((

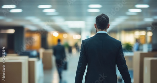 businessman, office, hallway, corridor, suit, walking, work, day, late, professional, career, corporate, employee, men at work, business, modern, building, interior, architecture, environment, transportation, briefcase, bag, carrying, man, person, male, step, floor, lighting, muted, tone, atmosphere, mood, scene, view, perspective, back, rear, dark, sombre, quiet, end
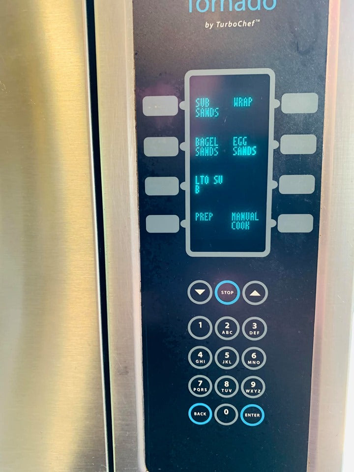 Toast, brown, and crisp food up to twelve times faster than traditional cooking methods with this TurboChef Tornado 2 high-speed commercial convection microwave oven! By using a combination of impingement and microwave cooking technology, this compact model allows for on-demand cooking without the space, energy, and food-holding requirements of a larger oven. Whether you need to do something simple like melt the cheese on a sandwich or reheat entrees, or even if you'd like to cook full chicken breasts, this unit is sure to get the job done! Thanks to the integral catalytic converter system, this oven is able to quickly produce delicious food without the need for a large, expensive hood system. This effectively makes installation a breeze while providing a fine solution for operations where space is at a premium such as concession stands, food kiosks, convenience stores, and delis. It features a smart menu system that holds 128 programmed recipe settings for easy, efficient use. To help ensure long-lasting performance, it features built-in self-diagnostics for component / performance monitoring. A 208/240V electrical connection is required for operation. Overall Dimensions: Width: 26" Depth: 25 4/5" Height: 23" Interior Dimensions: Width: 15 1/2" Depth: 14 7/10" Height: 8" Capacity: 1.05 cu. ft.
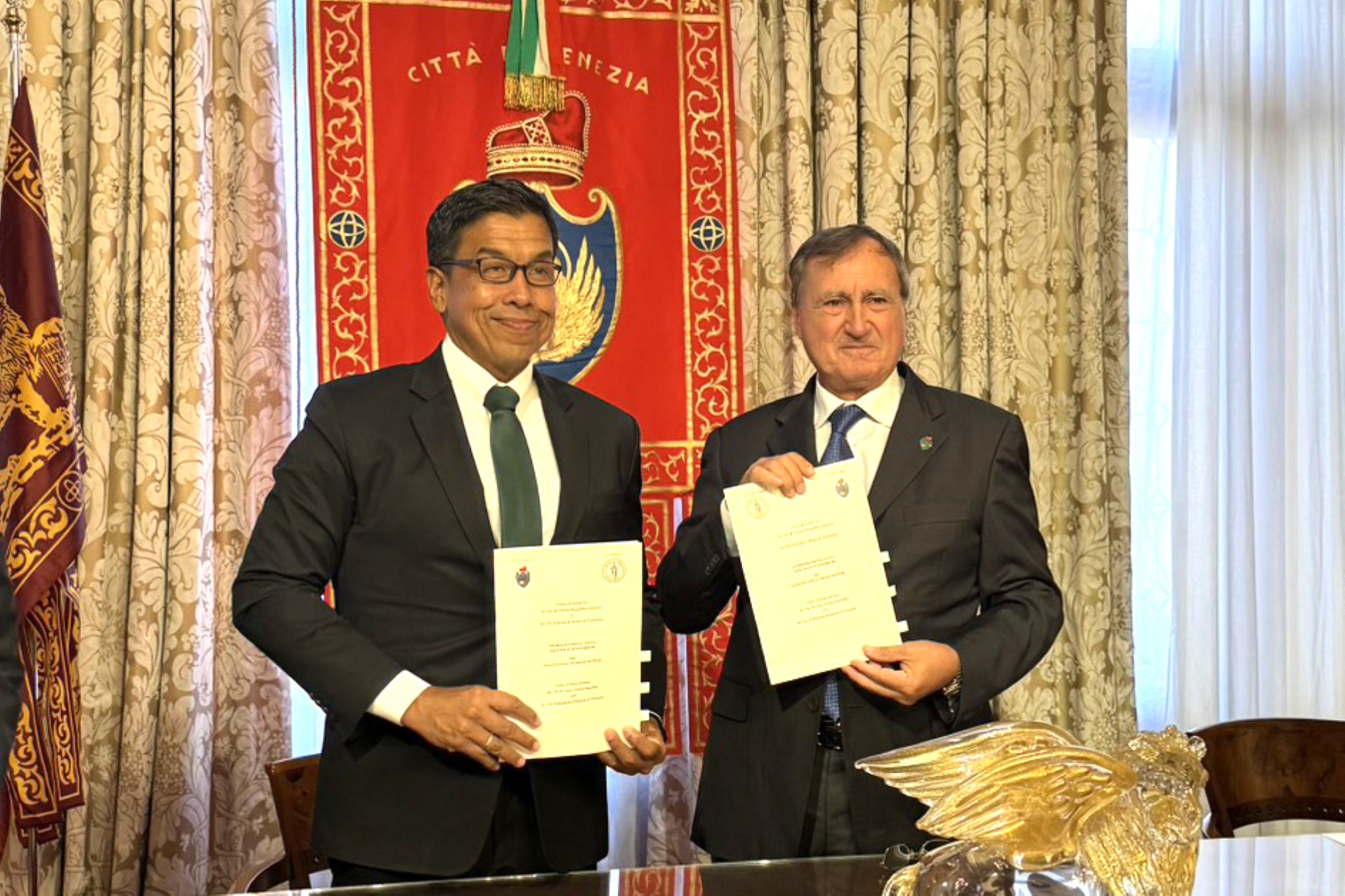 หลังจากนั้น ผู้ว่าราชการกรุงเทพมหานครและนายกเทศมนตรีเมืองเวนิสได้ร่วมลงนามในหนังสือแสดงเจตจำนงระหว่างเมืองเวนิส และกรุงเทพมหานคร โดยได้รับเกียรติจากนายพุทธพร อิ้วตกส้าน เอกอัครราชทูตประจำสาธารณรัฐอิตาลี และนายอันเดรอา มาร์กอน กงสุลกิตติมศักดิ์ ณ เมืองเวนิส ร่วมเป็นสักขีพยาน

))

◆ **WHAT TO PRODUCE**
What you return should be all of the material above, exactly, and none of its pictures.

◆ **EXERCISE OUTPUT**
 businessman, office, hallway, corridor, suit, walking, work, day, late, professional, career, corporate, employee, men at work, business, modern, building, interior, architecture, environment, transportation, briefcase, bag, carrying, man, person, male, step, floor, lighting, muted, tone, atmosphere, mood, scene, view, perspective, back, rear, dark, sombre, quiet, end
 Toast, brown, and crisp food up to twelve times faster than traditional cooking methods with this TurboChef Tornado 2 high-speed commercial convection microwave oven! By using a combination of impingement and microwave cooking technology, this compact model allows for on-demand cooking without the space, energy, and food-holding requirements of a larger oven. Whether you need to do something simple like melt the cheese on a sandwich or reheat entrees, or even if you'd like to cook full chicken breasts, this unit is sure to get the job done! Thanks to the integral catalytic converter system, this oven is able to quickly produce delicious food without the need for a large, expensive hood system. This effectively makes installation a breeze while providing a fine solution for operations where space is at a premium such as concession stands, food kiosks, convenience stores, and delis. It features a smart menu system that holds 128 programmed recipe settings for easy, efficient use. To help ensure long-lasting performance, it features built-in self-diagnostics for component / performance monitoring. A 208/240V electrical connection is required for operation. Overall Dimensions: Width: 26" Depth: 25 4/5" Height: 23" Interior Dimensions: Width: 15 1/2" Depth: 14 7/10" Height: 8" Capacity: 1.05 cu. ft.
 หลังจากนั้น ผู้ว่าราชการกรุงเทพมหานครและนายกเทศมนตรีเมืองเวนิสได้ร่วมลงนามในหนังสือแสดงเจตจำนงระหว่างเมืองเวนิส และกรุงเทพมหานคร โดยได้รับเกียรติจากนายพุทธพร อิ้วตกส้าน เอกอัครราชทูตประจำสาธารณรัฐอิตาลี และนายอันเดรอา มาร์กอน กงสุลกิตติมศักดิ์ ณ เมืองเวนิส ร่วมเป็นสักขีพยาน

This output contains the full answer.